WASHINGTON --Joint cooperation will be crucial to maintaining U.S. forces' overmatch against near peers and potential adversaries, an Army general said Monday.

Lt. Gen. Eric Wesley, Army Futures Command deputy commanding general and director of the Futures and Concepts Center, said while taking part in a Center for European Policy Analysis panel in Washington, D.C.

America's adversaries have begun challenging U.S. forces in nearly every domain including the air, land and sea, he said. The Army will increasingly need to lean on other military branches as well as foreign partners to assure military dominance, he added.

"If you're challenged, what that means is that you no longer necessarily have overmatch," Wesley said. "The only way you can create overmatch when all domains are in play, is to create synergy between them so that the total is greater than the sum of the parts. We don't have enough resources to ensure that the U.S., our partners and our allies always dominate, all the time in all domains."

The Army recently announced that four major units will soon deploy to support ongoing missions in Europe and Afghanistan.

About 500 Soldiers from the 10th Mountain Division at Fort Drum, New York, recently deployed to Lithuania and others from the division deployed to Poland earlier this year in support of U.S. Army Europe's Atlantic Resolve campaign. Atlantic Resolve is the U.S. commitment to European allies to keep stability in the region.

The 1st Cavalry Division's 2nd Brigade Combat Team from Fort Hood, Texas, and the 3rd Infantry Division's Combat Aviation Brigade from Fort Stewart, Georgia, will travel to Europe to help train European allies and take part in security operation activities. The Army Reserve recently activated seven new units within Europe to support operations responding to the Russian threat to the Ukraine.

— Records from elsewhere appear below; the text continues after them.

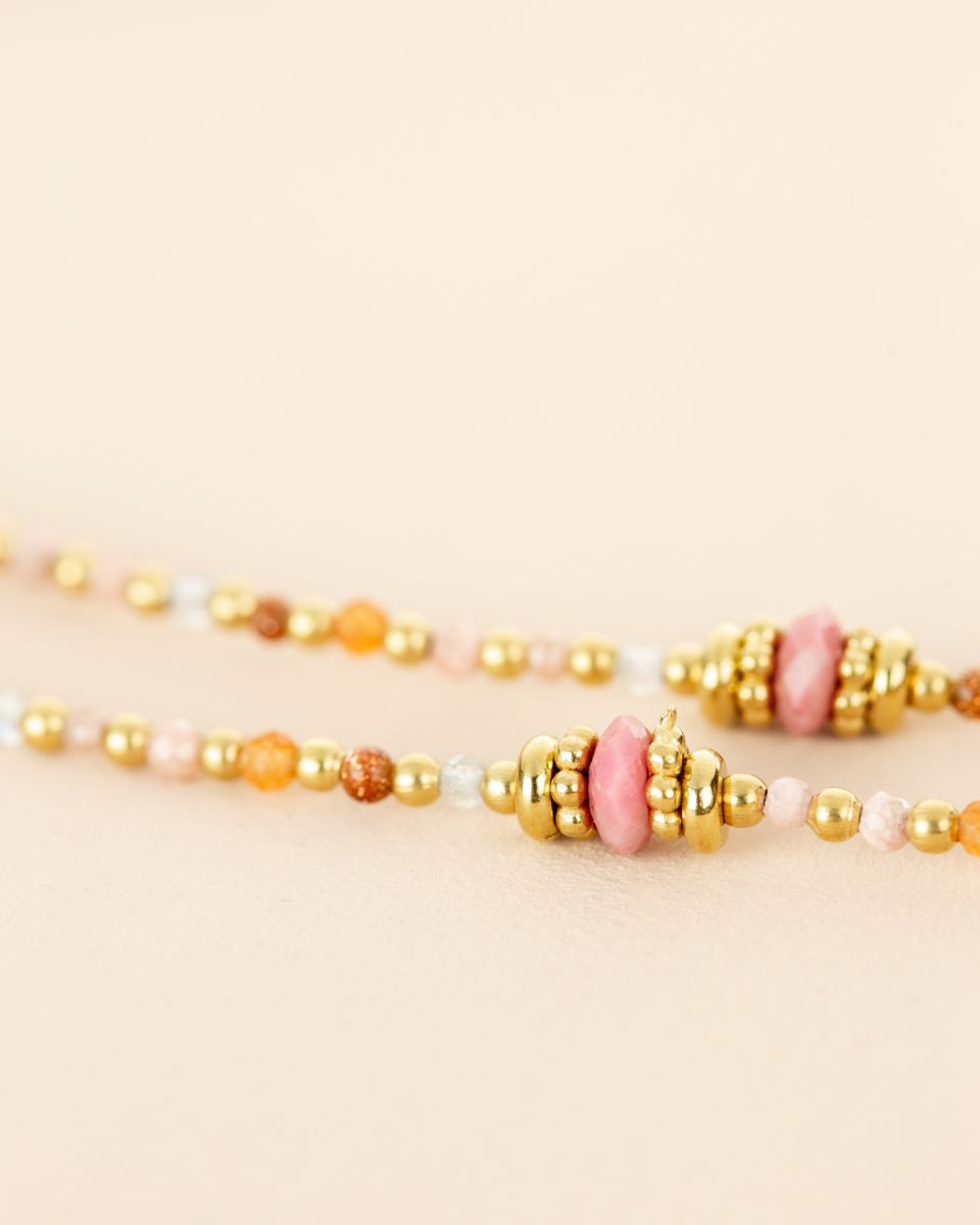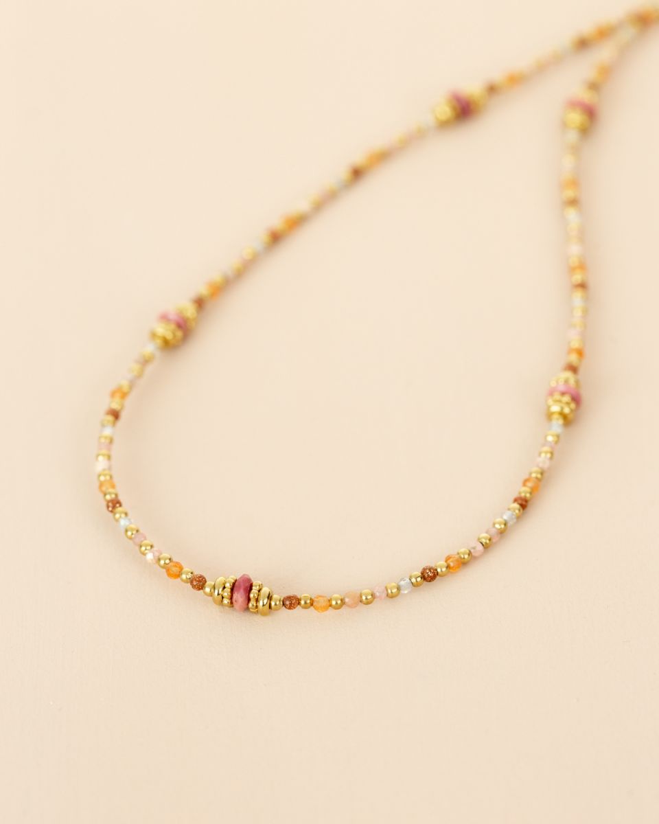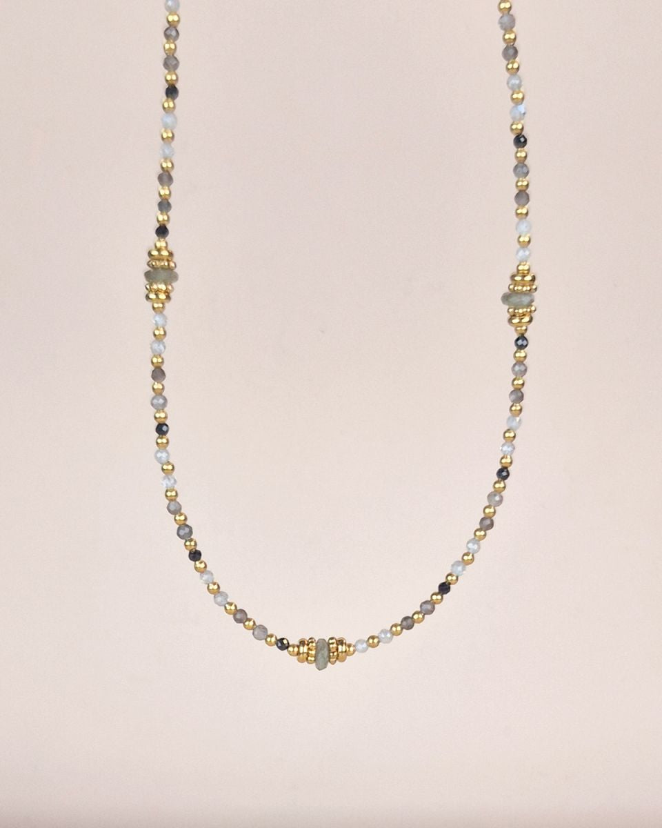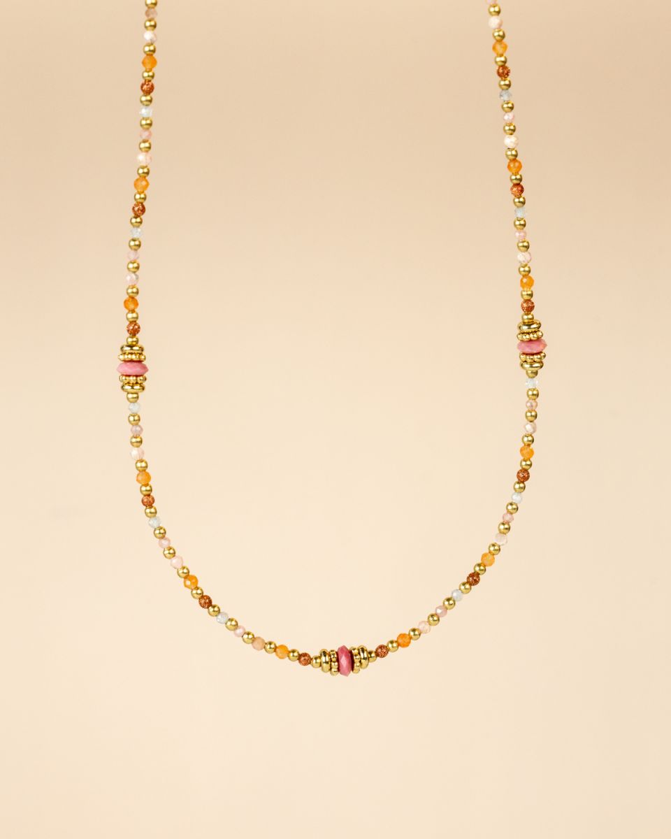 Le collier Nola séduit par sa finesse et son charme naturel. Ses perles vertes et dorées s’accordent dans une harmonie subtile, évoquant la fraîcheur de la nature et l’élégance du soleil couchant. Un bijou délicat et raffiné, parfait pour habiller votre décolleté d’une touche lumineuse et intemporelle.
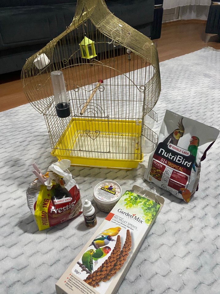 Altın Renkli Kuş Kafesi ve Kuş Yemleri
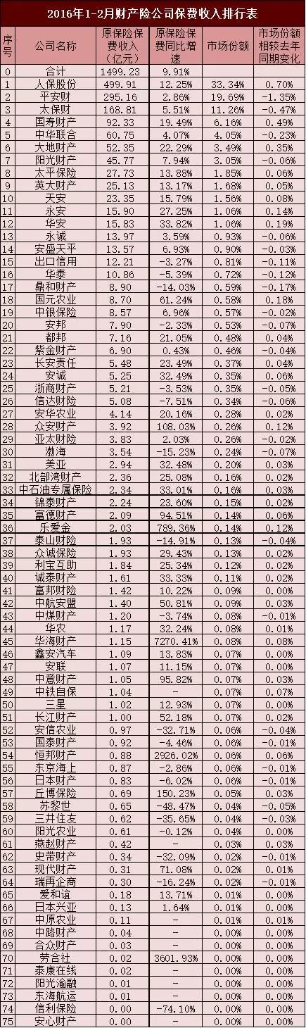 1-2月,国内财产险公司增长乏力,共实现保费收入近1500亿元,同比增速不足10%。这与国内经济持续低迷有密切关系。从个别具有典型意义的险企发展情况来看,也能说明一定问题,例如为出口企业保驾护航的中国出口信保,其保费收入在1-2同比下滑3.27%,显示国内出口贸易不振。(详见文末表二)
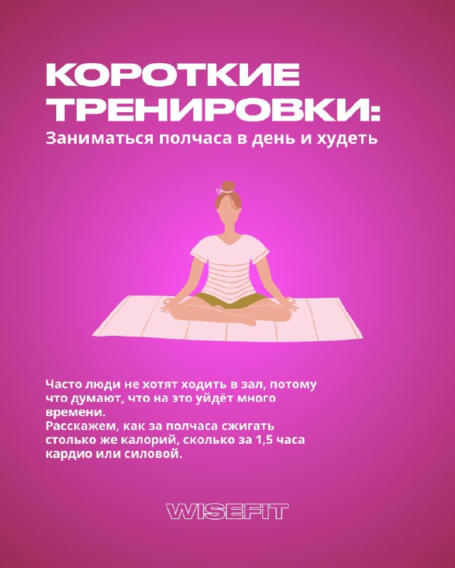 У тебя нет часа на спорт? А 30 минут найдется? 🏃♀️🔥 «Нет времени ходить в зал» — самая частая отговорка. ✅ Всего полчаса в день сжигают столько же калорий, сколько 1,5 часа кардио. Секрет — в ин
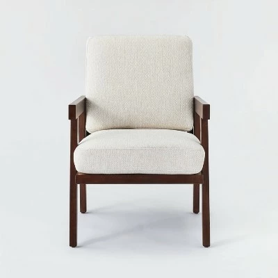Give your home’s living space a luxe upgrade with the Grantsville Wood Frame Accent Chair with Grid Back from Threshold™ designed with Studio McGee. This sleek accent chair is perfect for completing the look of your living space. The elegant wood frame in a dark tone combined with the neutral tones of the upholstery make for a stylishly sophisticated look that pairs easily with almost any design theme or aesthetic in your homes. Pair with bold hues and eccentric decor for a playful and unique space or with minimalist decor and metal tones for a space that feels relaxed and elevated. Spot or wipe clean for quick maintenance.

U.S. Soldiers take part in several annual European exercises, including Immediate Response hosted by Croatia and Slovenia; Saber Guardian in Bulgaria, Hungary and Romania; and Swift Response.

Wesley said that Soldiers can expect to see greater interaction among allies, Airmen, Sailors and Marines. Soldiers from the 5th Battalion, 159th General Support Aviation Battalion recently deployed to Kuwait to take part in a joint medical evacuation exercise with teams from the Air Force and Navy. They also performed UH-60 Black Hawk acclimation training.

In the Pacific, the Army also participates in joint exercises that include Operation Cobra Gold, hosted by Thailand, one of the world's largest multi-national military exercises.

"I think what you're going to see in the next year is we're going to move to a joint concept," Wesley said to an audience that included representatives from different European nations. "It's how we're going to fight in the future. Right now you see a convergence of ideas between the Air Force, the Navy and the Marines."

Wesley identified three problems in U.S, forces' struggle to maintain overmatch. The first: U.S. adversaries have invested in "all" domains.

The second, is that potential adversaries have engaged in multiple layers of standoff.

The third problem stems from Russia and China's willingness to leverage the competition space to achieve their strategic and operational objectives, posing significant challenges for U.S. forces. Soldiers will have to fight on expanded battlefield space beyond conventional warfare and could achieve victories solely in cyberspace, Wesley said.

Already near-peer adversary China has been rapidly modernizing its infrastructure and possesses anti-access/area denial sensor technology that can limit freedom of movement in the Pacific. Russia remains a threat in cyberspace, threatening the Army's network and using social media to spread disinformation.

Wesley said that the Army must engage quickly and won't have time to rest on its laurels. To hasten the acquisition process and get needed equipment and capabilities into the hands of Soldiers faster, he said the Army created eight cross-functional teams to accelerate progress toward achieving its six modernization priorities: long-range precision fires, next-generation combat vehicles, future vertical lift, air and missile defense, the network, and Soldier lethality.